Настанет миг, ты подойдешь,
Мучительно любя…
О, ты тогда меня найдешь,
А я найду себя.
Я новым ликом обернусь
И, став самим собой,
Свободно солнцу улыбнусь,
Что встанет надо мной.
Так, вгрызшись в землю глубоко,
Из материнских недр
Сосет ребенок молоко,
Растет высокий кедр.
А обессиленная мать –
Иссохшая земля
Печально будет умирать,
Ребенка утоля…
И ты, оставленная мной
Навеки, навсегда,
Утратишь свет последний свой
И канешь, как звезда,
Во мрак, что безответно нем,
В ночь, чуждую тепла, –
И лишь тогда пойму я, чем
Ты для меня была.
1932
Муть
Дни весенние. Синий
И безоблачный свод…
Скоро ветер с пустыни
Желтизну нанесет.
Солнце сядет… И некий
Современник, мой друг,
Вскинет тяжкие веки,
Затуманится вдруг,
И пропьянствует ночью
У распутства в гостях,
И под утро воочью
Узрит дьявольский стяг…
Но волною тяжелой
Захлестнет горизонт,
Зазвучит невеселый
Колокольный трезвон,
Всхлипнет нынешний Гамлет,
Рухнет времени связь…
Вот он мечется, мямлит,
Поминутно крестясь.
И так сладко, так свято
Покаянье в конце
Со следами разврата
На упрямом лице.
1932
"Мне скучно…"
Мне скучно… Будильник
Стучит монотонно.
Покой мой бессильный,
Покой мой бессонный!
Но вдруг, будто пенье
В костеле органа,
Нахлынет волненье,
И плакать я стану,
Что мысли приходят
И мрут без свободы,
Что годы проходят , –
Все лучшие годы .
Что ласточки вьются,
Крылами звеня,
Что люди смеются
И травят меня
То ночью бездомной,
То дома и днем, –
А Лермонтов темный
Поет о своем !
1932-1933
"От замыслов моих, не подкрепленных…"
От замыслов моих, не подкрепленных
Ни силою, ни верой, ни трудом,
От слов моих всегда полувлюбленных,
Полупрохладных, как забытый дом,
От вечно спутанных и сыроватых
Туч, копошащихся над головой,
И даже от просветов синеватых…
От всей земли, скользящей по кривой,
Бежать, бежать, бежать… – в какое царство?
О ложь!.. О бесполезное бунтарство!
<1933>
"Слова, сорваться с уст готовые…"
Слова, сорваться с уст готовые
Недели, месяцы, года;
Ошибки старые и новые,
Непоправимые всегда.
И лес из дымных труб над городом,
И круг луны над головой,
И я – с несвойственным мне холодом –
Какой-то странный, сам не свой,
Изогнутыми переулками,
Шагами тяжкими и гулкими,
Вступаю в городскую ночь
Асфальты черные толочь.
<1933>
Сирена
Сидит – поджатые колена,
Большие лунные глаза, –
Оцепенелая сирена,
Как затаенная гроза…
Как много, как ужасно много
Людей – в былом, теперь – калек
Толчется у ее порога!
Один красивый человек
Теперь в нее влюблен.
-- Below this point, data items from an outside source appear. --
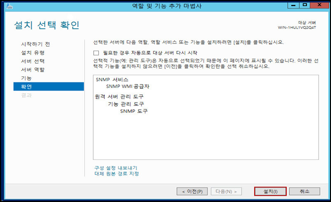 - 서버의 Windows 키를 눌러 [서버 관리자] 를 실행한다. 오른쪽 상단에 [역할 및 기능 추가 마법사] 를 실행한다. 기능 선택에서 [시작하기 전] -> [설치 유형] -> [서버 선택] -> [서버 역할] 모두 다음을 클릭한다. [기능] 부분에서 [SNMP 서비스], [SNMP WMI 공급자] 를 모두 선택하여 설치를 진행한다.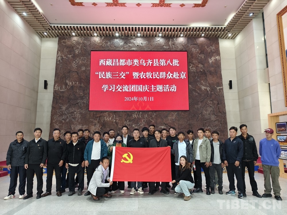 中國西藏網(wǎng)訊 金秋的北京城,洋溢著節(jié)日的喜慶與祥和。10月1日上午,西藏自治區(qū)昌都市類烏齊縣的第八批“民族三交”暨農(nóng)牧民群眾赴京學(xué)習(xí)交流團來到中國藏學(xué)研究中心西藏文化博物館進行參觀考察。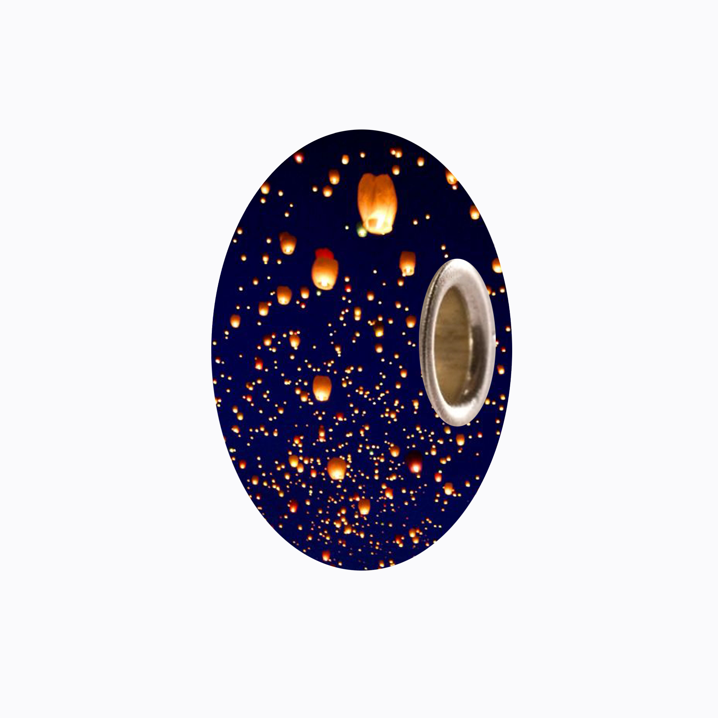 Un vetro blu con spruzzi di arancione che ricordi un cielo illuminato da lanterne volanti… uno spettacolo mozzafiato che porta gioia nei cuori.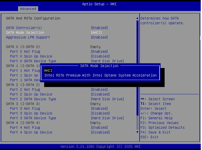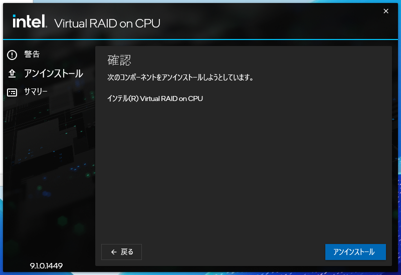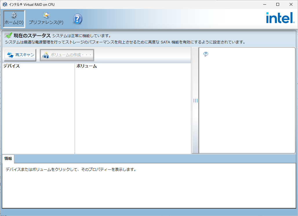VROC7.7の管理画面は、古いRSTeと同じUIで懐かしい。コントローラ不明のメッセージは表示されていないが、ドライブを実装していないのか、全て空の表示となっている。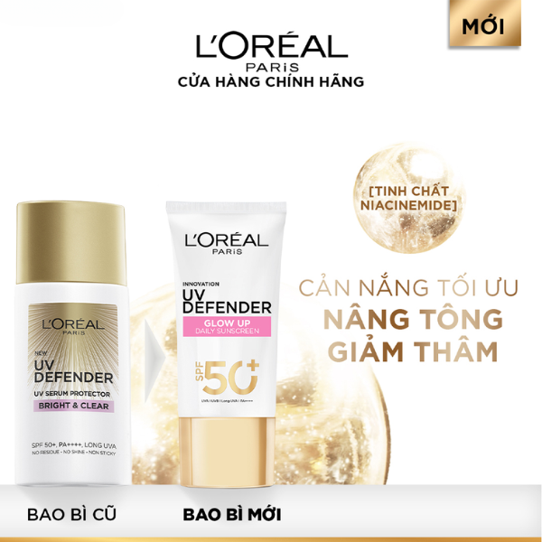 Kem Chống Nắng L'OREAL Nâng Tông Giảm Thâm UV Defender Bright & Clear 50ml là sản phẩm chống nắng đang được yêu thích với thành phần chính là Niacinamide giúp nâng tông, giảm thâm nám trên da.

Печально
Он с ней до сумерек сидит.
Она не гонит, но глядит
С холодностью необычайной…
А по ночам – она – сирена –
Она – сирена – по ночам
Крадется в парк: дрожат колена,
И косы бьются по плечам,
Как перегрызенные цепи…
Стоят беседки. Месяц строг.
И – ждущий фавн табачный пепел
С козлиных стряхивает ног.
<1933>
Осенняя улыбка
Ноябрьский, прозрачный, кидаемый ветром в стекло,
На серые зданья слетает снежок неуемный.
Последние листья с деревьев еще не смело,
Над серой землею склоняется купол огромный.
Немного белей, но не ярче… лишь тусклых тонов
Мельканье, да красок – лишь выцветших – чередованье,
Скелеты деревьев качаются, ветер готов
Снести мою крышу, – я слышу его завыванье.
Там настланы мертвые листья в пустынном саду, –
Порывами ветра на землю безжалостно сбиты…
Мы плохо расстались. Теперь я к тебе не приду,
И ты задохнешься от гордости и от обиды.
А завтра, при встрече, случайной, как свет или тьма,
Как солнце, как звезды, как месяц, как всё во вселенной, –
Лучи желтоватого солнца сойдут на дома,
Ты мне улыбнешься улыбкою слабой и бренной.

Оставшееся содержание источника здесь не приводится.